For what I am about to discuss, I beg some of your pardons and ask the others of you for your patience. Around a month ago, I found myself watching My Fair Lady in search of examples of cockney use for the England CultureGuide that I was working on at the time. Whilst I was doing so, I realized that I seriously dislike My Fair Lady. Now I am aware that to some such a statement is tantamount to sacrilege, but hear me out. Truth be told, I do like about three-fourths of it, but I have serious misgivings about the way it ends and it has nothing to do with Rex Harrison's talk singing, which I am utterly at peace with (in fact I think between Rex and Walter Matthau in Hello Dolly all fussing about Gerard Butler in Phantom of the Opera and Pierce Brosnan in Mamma Mia should be laid to rest, we have a long tradition of imperfect male singers in film musicals to uphold after all). Nor does it have anything to do with the Dr. Dolittle/Eliza Doolittle coincidence that in earlier days mystified me a fair bit. No, what bothers me is Rex Harrison's character's behavior. The entire film/story revolves around the idea of metamorphosis and bringing out inner beauty--we see Eliza progress from her rough Covent Garden persona to a refined, polished, and genteel beauty (both outside and inside) whereas he remains unrepentantly curmudgeonly, rude, and abrasive. And everyone is okay with this? Perhaps, and I do mean perhaps because I don't really believe this myself, it is understandable that when she is rough he treats her roughly, but I feel there should be reciprocal growth and metamorphosis. Why should he be allowed to treat her horribly for forever?

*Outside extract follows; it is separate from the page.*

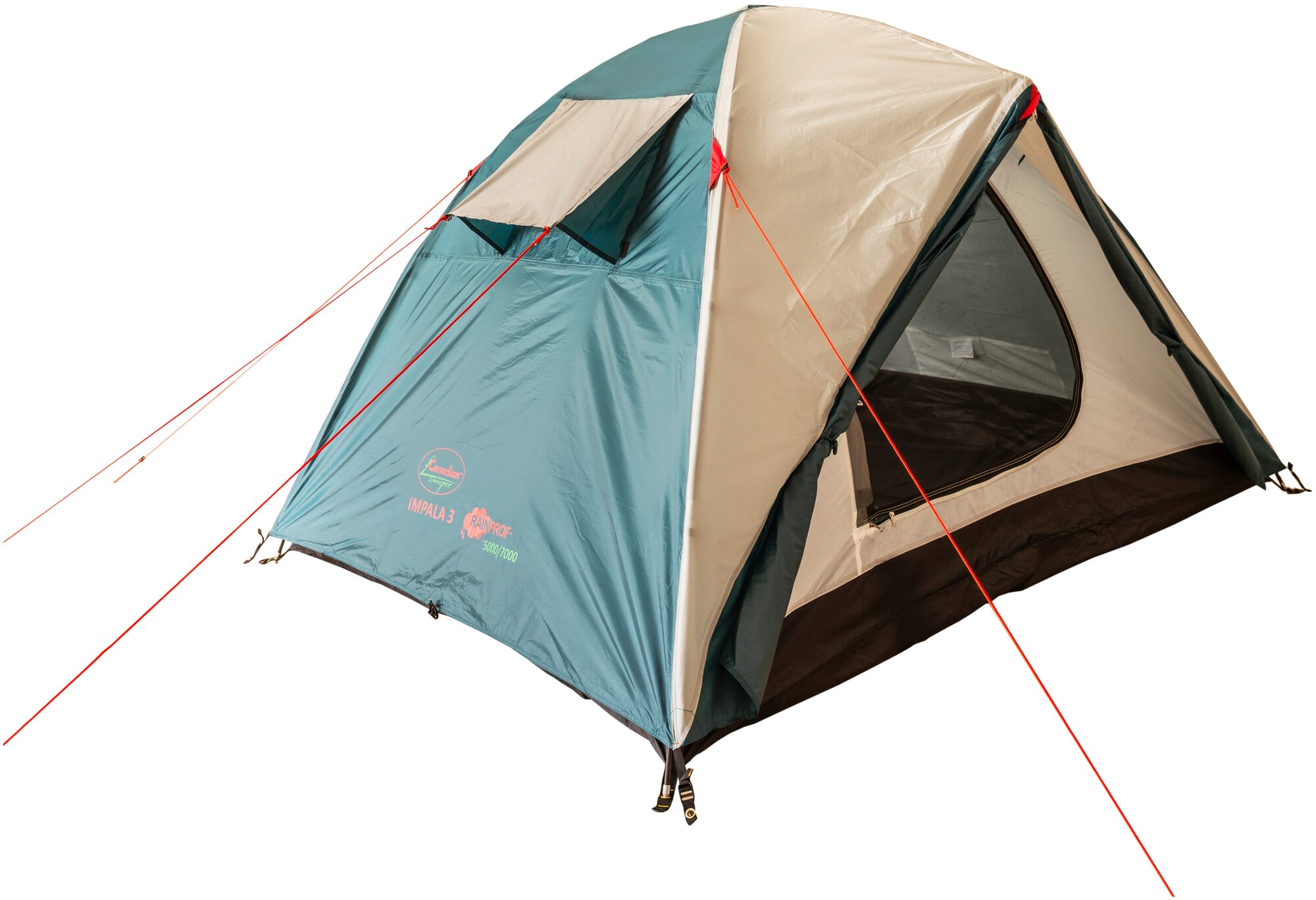 Лучшие цены. Impala 2 - универсальная палатка для туристических походов. Имеет минимальный вес среди всех туристических палаток со стеклопластиковыми дугами, при этом обеспечивая оптимальное пространство пользователям. Два входа и большие вентиляционные окна обеспечат комфорт даже в летний зной. Палатка имеет два больших тамбура для хранения туристической экипировки. Окна и входы в палатку защищены противомоскитными сетками. Материал тента: полиэстер. Материал дна: полиэстер. Материал внутренней части: нейлон. Магазины в вашем городе.

So this led me to ponder farther about the genesis of this story. I can't say I'm surprised with the sexism coming for Shaw's day and age, but I might have expected some rewriting when My Fair Lady was turned into a musical or at least when it was a film. Didn't this bother Audrey Hepburn? I know that they all lived "in a different time" but still we're talking about elemental good behavior here. Maybe from this time on I'll just have to turn the movie off at the end of the ball.

But this is not my only issue with a musical of this era, I also have serious issues with The Sound of Music. For one I think it really is abominably bad behavior of Christopher Plummer to continue to refer to it as "The Sound of Phlegm" unless he is only referring to his own performance, but I suppose that is an issue for another time altogether. For the most part I really do like The Sound of Music, I mean come on Julie Andrews, spades of memorable songs, and children and nuns who sing, what's not to like? Well for some years now I have been extremely uneasy about the song "Something Good." Everyone loves Sister Maria and I think we are all pretty familiar with her exuberance by this point. So in the rush of finding that the man she loves does in fact love her in return, I can go along with her line of thinking as she exudes that she must have done something good in her past to deserve having something so good now (particularly when I take into account that she is a Catholic Nun and that really does go along with much of their doctrine). What rankles me then is that Captain Von Trapp stands right there essentially singing that yes, you must have done something good to deserve me.

Let's look at the facts of the case there, Captain. From the very beginning Maria was a good person willing to sacrifice her entire life to the Lord, but she agrees to leave her dream--becoming a nun--to come help you and your family out. It's Maria who really talks to and bonds with your kids. It's Maria who discovers their talent and individual worth and helps them to see it as well. It's Maria who cultivates their gifts and teaches them to sing. It's Maria who introduces love to your home. And it's Maria who inspires real obedience and good behavior. In fact, it's Maria who the kids run away to see not their philandering father. Doesn't anyone else feel that their parts in the song should be switched? Or at the very least, Captain Von Trapp should sing that he too must have done something good.

The bottom line? I may have to take it upon myself to rewrite some musicals in order to preserve my own sense of right and wrong and simple good behavior.